___ MATERIAL FOR THIS TASK

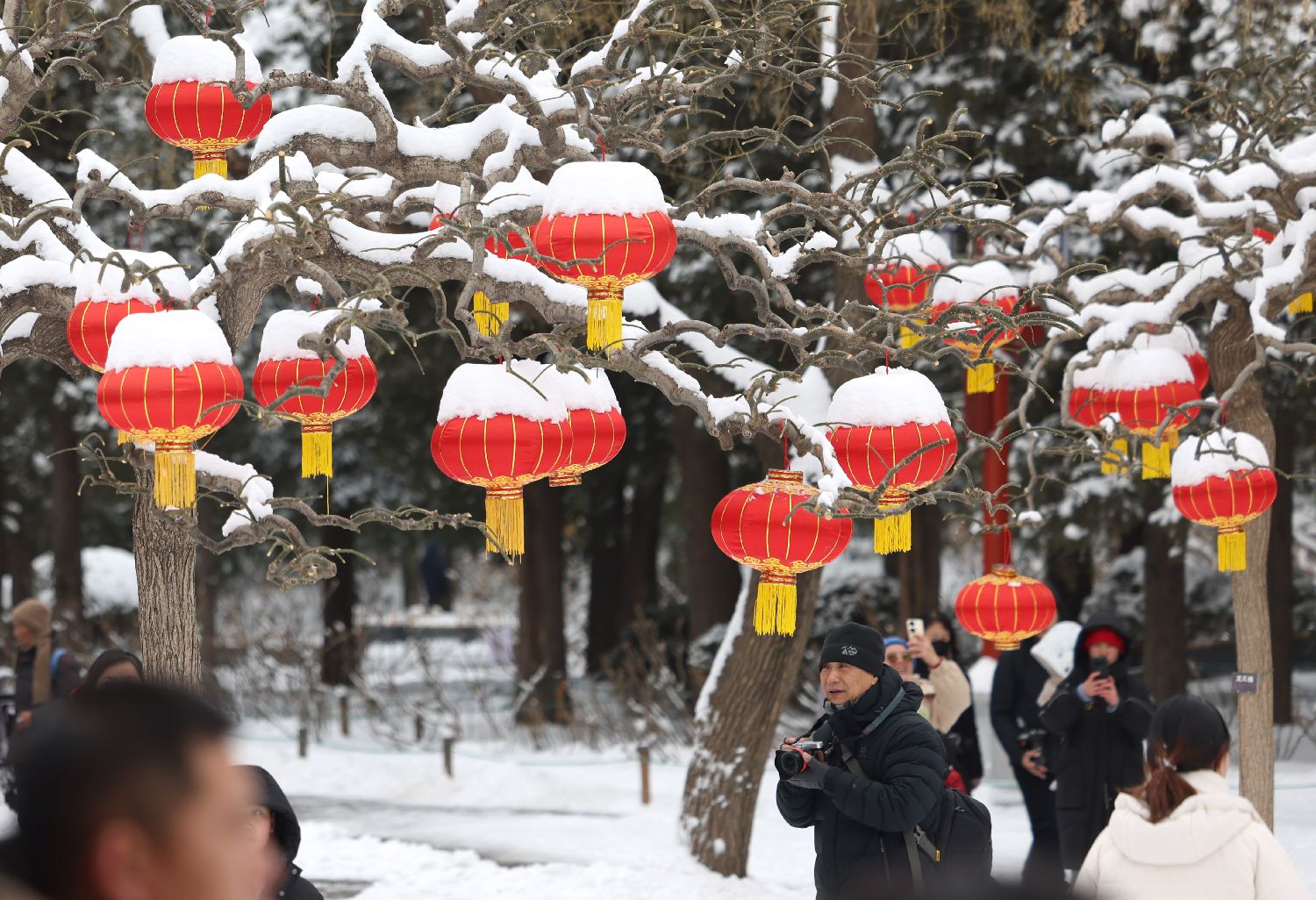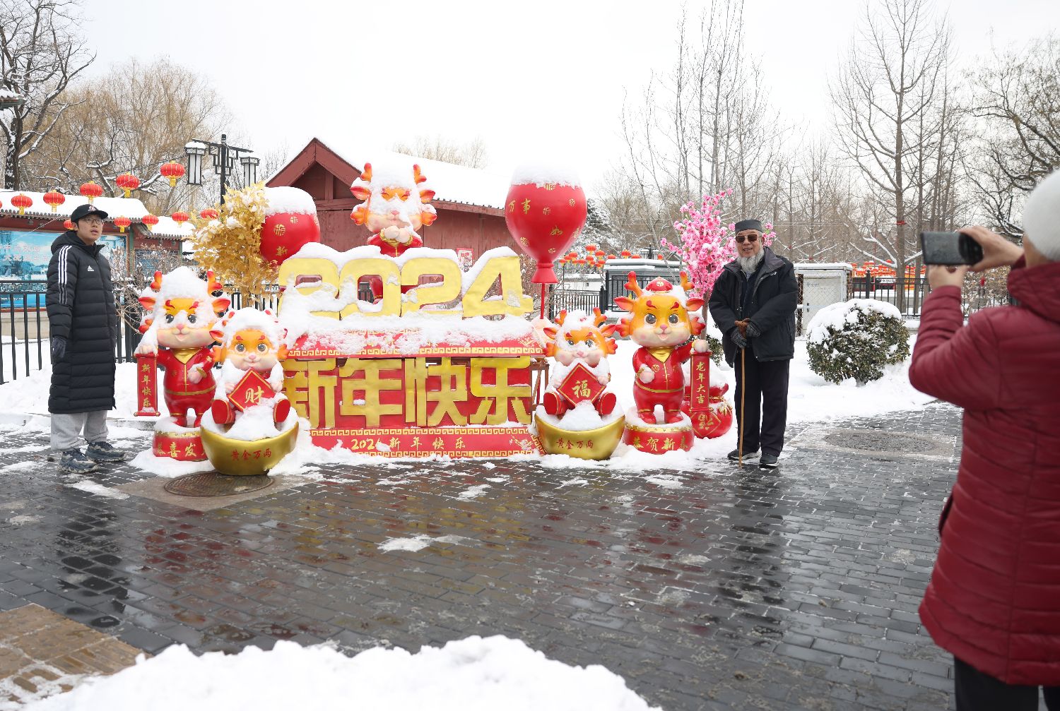 2024年2月21日,北京街头春节装饰落满雪花,吸引市民合影。(图片来源:本文图片均由欧洲时报特约记者卞戈摄)
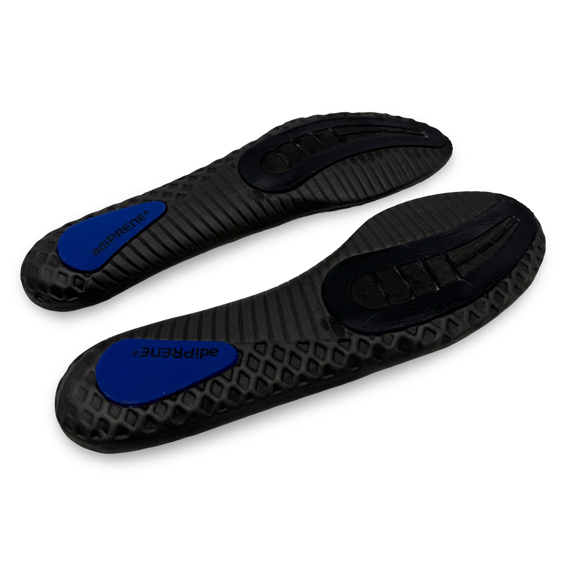 • Custom additional padding layer fitted on top of the insole boards for enhanced comfort and shock absorption.
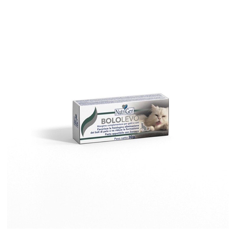 BOLOLEVO favorisce la fisiologica eliminazione dei boli di pelo che si creano a seguito della ingestione di pelo, durante le quotidiane operazioni di pulizia nel gatto, e ne riduce la formazione contribuendo alla normale funzione intestinale ed alla regolare formazione di feci. L’utilizzo quotidiano facilita l’eliminazione di tricobenzoari (boli di pelo) già formati e contribuisce alla eliminazione di ossa o materiali estranei ingeriti. BOLOLEVO è consigliato per tutti i tipi di gatti ed anche per cani nel periodo di muta. BOLOLEVO contiene Zenzero estratto.
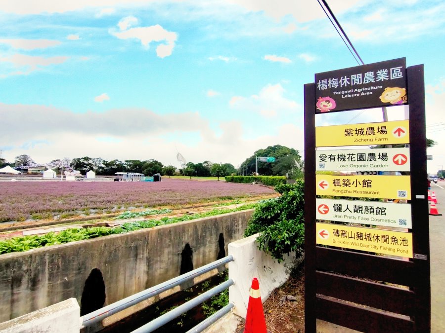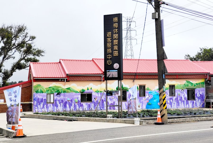 ▼附近還有楊梅休閒農業區遊客服務中心,有旅遊相關問題也可以來諮詢一下,一旁也有彩繪花海可供拍照唷!
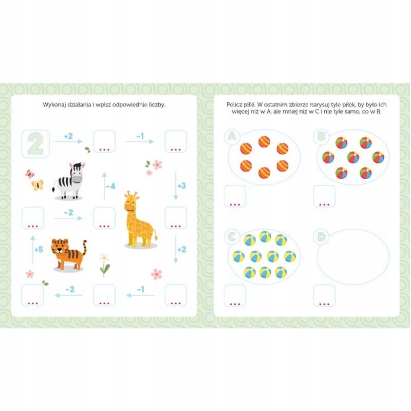 „Wesołą matematykę dla smyka” polecamy do nauki pisania liczb oraz pierwszych ćwiczeń w liczeniu. • W szerokich liniach dziecko pisze liczby zgodnie z podanym wzorem. • Łączenie elementów i rysowanie po liniach to doskonałe ćwiczenie małej rączki. • Dołączony pisak i specjalny papier umożliwiają ścieranie i wielokrotne pisanie. • Zróżnicowane zadania i barwne ilustracje zachęcają dzieci do pracy z książką.
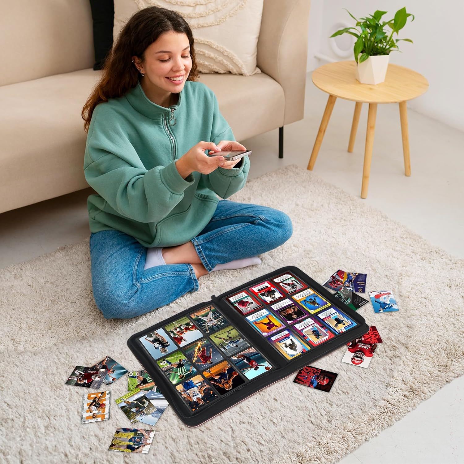 • Ringless & Zippered Design: Our large-capacity card folder features a ringless structure and a smooth, sturdy zipper to eliminate page misalignment and accidental scratches. The durable, easy-glide zipper with a widened closure offers full-edge protection—keeping your cards securely enclosed and shielded from dust, spills, and drops, whether at home or on the go.
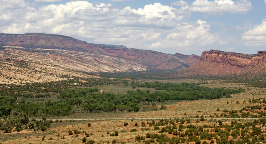 Toward the left portion of the photo above, the erosion power of Comb Wash has exposed a major geological feature of the Monument Monocline: the Permian Cedar Mesa Sandstone, a dominantly white-to-yellow cross-bedded sandstone indicating mainly aeolian origin, but also containing interbeds of red mudstone indicating occasional floods into the dunefield and discontinuous lenses of unfossiliferous gray limestone suggesting beach-and-sandbar conditions.
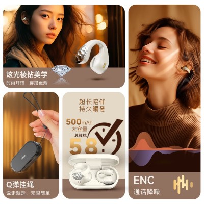 爱国者(aigo)蓝牙耳机TWS真无线骨传导概念气传导耳机耳夹开放式不入耳 运动通话降噪SA03米色
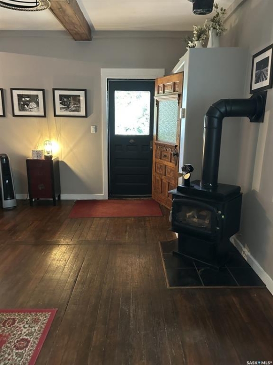 Step into timeless charm with this 1.5-story T. Eaton house, built in 1926 home blends historic character with modern upgrades, fully renovated 10 years ago. The main floor boasts 9' ceilings and original fir flooring, creating a warm, inviting ambiance. The living and dining room feature a cozy gas fireplace. Updated kitchen with S/S appliances, butcher block countertops, a country-style sink, and an Italian imported gas stove, a pantry with open S/S storage. The bath showcases an antique clawfoot tub, a 5' tiled walk-in shower, antique cabinetry accents. Main floor laundry, Upstairs, the primary bedroom offers original fir flooring, two dormer windows, and custom cabinetry crafted from repurposed barn wood lined with beech. The downstairs bedroom features open pine-clad beams, a copper-and-pine ladder to aloft. The unfinished basement provides ample storage, with a 230' deep well, 1400-gallon septic tank, and a 40-gallon electric hot water heater. The gas fireplace heats most of the home, with an electric recessed wall heater in the bathroom. The roof was completely re-shingled 2 years ago. The 20'x20' cedar deck with space for patio seating, lounging, and barbecuing, adjacent to a 4'x8' raised garden for fresh herbs or flowers. The expansive backyard, treed on all sides for privacy, is half-landscaped with rock gardens and a cozy firepit area, ideal for gatherings. A 20'x24' shed with a mezzanine, wired for 220v, is perfect for hobbies or a workshop. The front yard features rock gardens and a pond, driveway accommodates four vehicles, boats, or a visiting RV. Just 90 steps from lake access with a boat launch and room for your dock, world-class fishing for walleye and jack. The community offers a concession stand, a pickleball court, baseball diamond, beach volleyball court, kids' playground, mini-golf, and a band shell with a beer garden for summer events. A local farmers' market adds charm, while paved roads lead right to your door.

______

Reproduce the lines above starting at the one with "or on the go." and ending at the one with "爱国者(aigo)蓝牙耳机T", both included, exactly and with no pictures.

 • Ringless & Zippered Design: Our large-capacity card folder features a ringless structure and a smooth, sturdy zipper to eliminate page misalignment and accidental scratches. The durable, easy-glide zipper with a widened closure offers full-edge protection—keeping your cards securely enclosed and shielded from dust, spills, and drops, whether at home or on the go.
 Toward the left portion of the photo above, the erosion power of Comb Wash has exposed a major geological feature of the Monument Monocline: the Permian Cedar Mesa Sandstone, a dominantly white-to-yellow cross-bedded sandstone indicating mainly aeolian origin, but also containing interbeds of red mudstone indicating occasional floods into the dunefield and discontinuous lenses of unfossiliferous gray limestone suggesting beach-and-sandbar conditions.
 爱国者(aigo)蓝牙耳机TWS真无线骨传导概念气传导耳机耳夹开放式不入耳 运动通话降噪SA03米色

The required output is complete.